§ COLLECTED DATA:

════════

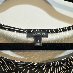 Talbots Black/white Floral Tunic XL Boatneck 3/4 Sleeves Armpit To Armpit 24” length 29” 95% polyester 5% spandex - 2725
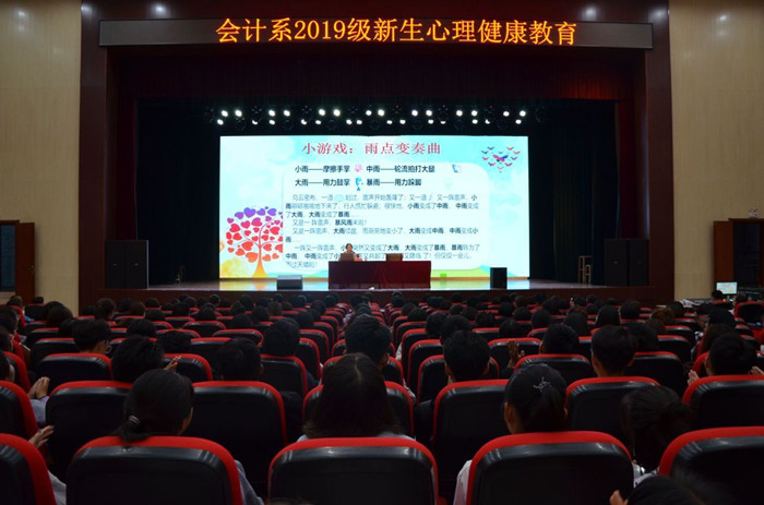 根据会计系2019级新生入学教育方案安排,为进一步加强大学生的心理健康教育,9月23日晚,会计系在明升体育_明升国际-【app*官网】大学生创业活动中心举行2019级新生心理健康教育主题讲座。讲座邀请明升体育_明升国际-【app*官网】心理健康教育中心孙敏敏老师主讲,会计系党总支书记陈志勇主持报告会。
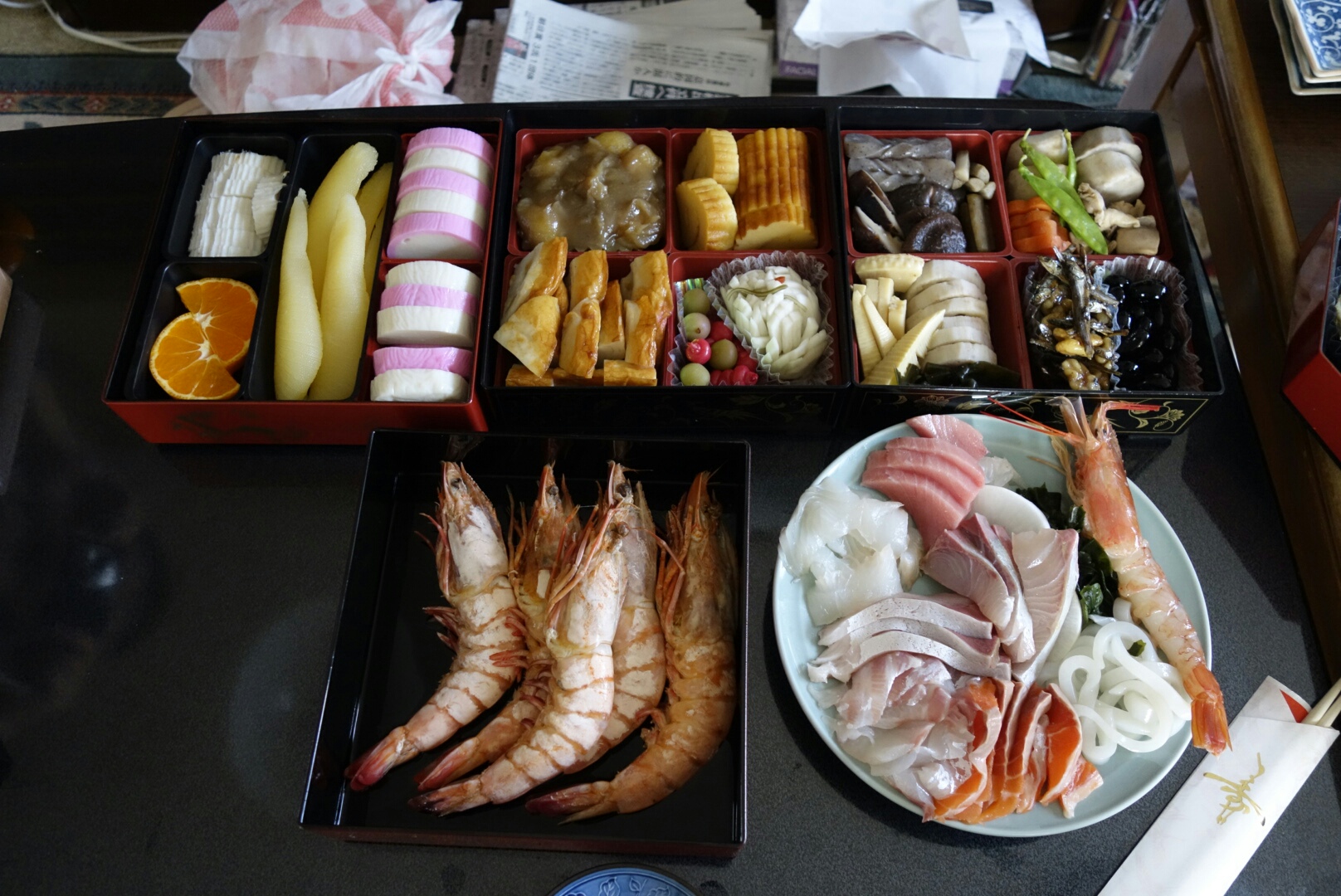 帰って少しだけ寝て、実家でアホみたいに大量の刺身と中華お節+αでまた飲み(笑)、自宅に戻って夕方寝た後刺身の残り等で更に飲み・・・
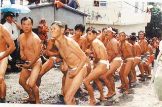 昨天上午10时,东清村年轻人和长老穿传统丁字裤,围绕在拼板舟四周,吟唱祝福歌谣举行“蛮阿威”仪式,只见他们绕着新船瞪眼怒视,双手握拳,在腰际挥动、声嘶力竭的吆喝,双脚用力跺步,增强新船的气势。

════════

§ YOUR GOAL: The material above must be reproduced line for line, with the images omitted.

§ EXERCISE OUTPUT:
 Talbots Black/white Floral Tunic XL Boatneck 3/4 Sleeves Armpit To Armpit 24” length 29” 95% polyester 5% spandex - 2725
 根据会计系2019级新生入学教育方案安排,为进一步加强大学生的心理健康教育,9月23日晚,会计系在明升体育_明升国际-【app*官网】大学生创业活动中心举行2019级新生心理健康教育主题讲座。讲座邀请明升体育_明升国际-【app*官网】心理健康教育中心孙敏敏老师主讲,会计系党总支书记陈志勇主持报告会。
 帰って少しだけ寝て、実家でアホみたいに大量の刺身と中華お節+αでまた飲み(笑)、自宅に戻って夕方寝た後刺身の残り等で更に飲み・・・
 昨天上午10时,东清村年轻人和长老穿传统丁字裤,围绕在拼板舟四周,吟唱祝福歌谣举行“蛮阿威”仪式,只见他们绕着新船瞪眼怒视,双手握拳,在腰际挥动、声嘶力竭的吆喝,双脚用力跺步,增强新船的气势。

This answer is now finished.